Line by line, retype the material exactly and leave each picture out.

## The data
*****

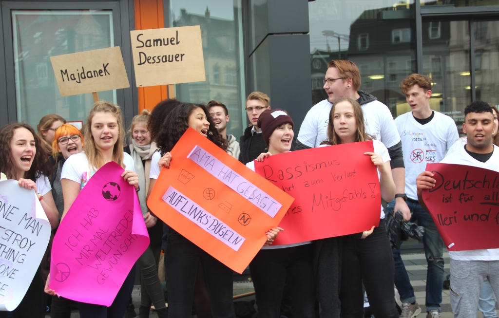 An der Malteserstraße in Solingen wurde im Anschluss daran am Ort der ehemaligen Synagoge gedacht, die in der Reichspogromnacht 1938 zerstört wurde. Mehrere Hundert Jugendliche folgten dem Aufruf des Solinger Jugendstadtrates und nahmen an der Gedenkveranstaltung teil. Zum Platz vor dem Rathaus zogen die Teilnehmer in einem Demonstrationszug.
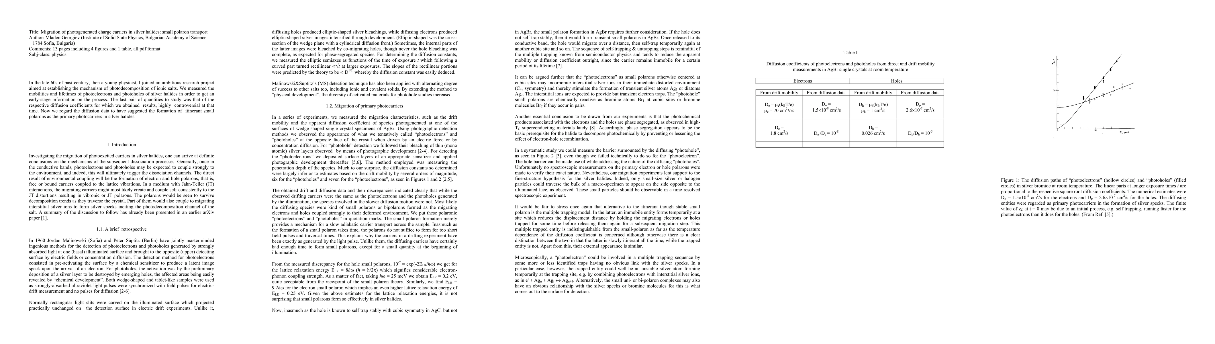 This paper revisits the photodecomposition mechanism of ionic salts, focusing on the diffusion of photogenerated charge carriers in silver bromide. The authors propose that the observed diffusion coefficients indicate the formation of itinerant Jahn-Teller small polarons as the subsequent photo-carriers in silver halides.
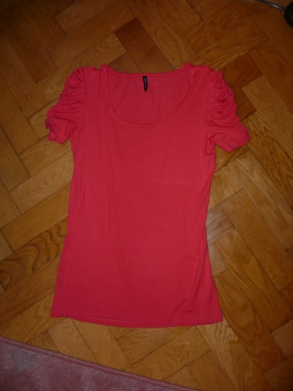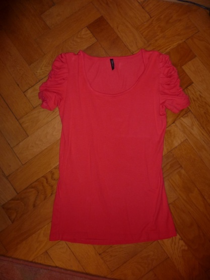 Tričko má krásnou, dost výraznou barvičku- něco mezi růžovou a oranžovou.. Barva odpovídá fotkám. Tak dvakrát nošeno, bez vad, na mne moc výrazné. Je delší.
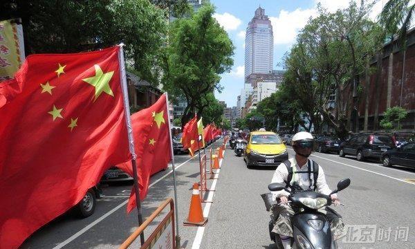 据海外网8月8日报道,台湾“统派”爱国同心会今日(8日)早在台“立法院”外扎营,将“立院”旁青岛东路一侧插满五星红旗,并布置“台湾大陆同属中国”“反‘台独’促统一”等各种标语,引起往来民众的注意。现场的爱国同心会人士表示,活动是要表达他们对于两岸和平统一的诉求。

*****

## Solved problem
 An der Malteserstraße in Solingen wurde im Anschluss daran am Ort der ehemaligen Synagoge gedacht, die in der Reichspogromnacht 1938 zerstört wurde. Mehrere Hundert Jugendliche folgten dem Aufruf des Solinger Jugendstadtrates und nahmen an der Gedenkveranstaltung teil. Zum Platz vor dem Rathaus zogen die Teilnehmer in einem Demonstrationszug.
 This paper revisits the photodecomposition mechanism of ionic salts, focusing on the diffusion of photogenerated charge carriers in silver bromide. The authors propose that the observed diffusion coefficients indicate the formation of itinerant Jahn-Teller small polarons as the subsequent photo-carriers in silver halides.
 Tričko má krásnou, dost výraznou barvičku- něco mezi růžovou a oranžovou.. Barva odpovídá fotkám. Tak dvakrát nošeno, bez vad, na mne moc výrazné. Je delší.
 据海外网8月8日报道,台湾“统派”爱国同心会今日(8日)早在台“立法院”外扎营,将“立院”旁青岛东路一侧插满五星红旗,并布置“台湾大陆同属中国”“反‘台独’促统一”等各种标语,引起往来民众的注意。现场的爱国同心会人士表示,活动是要表达他们对于两岸和平统一的诉求。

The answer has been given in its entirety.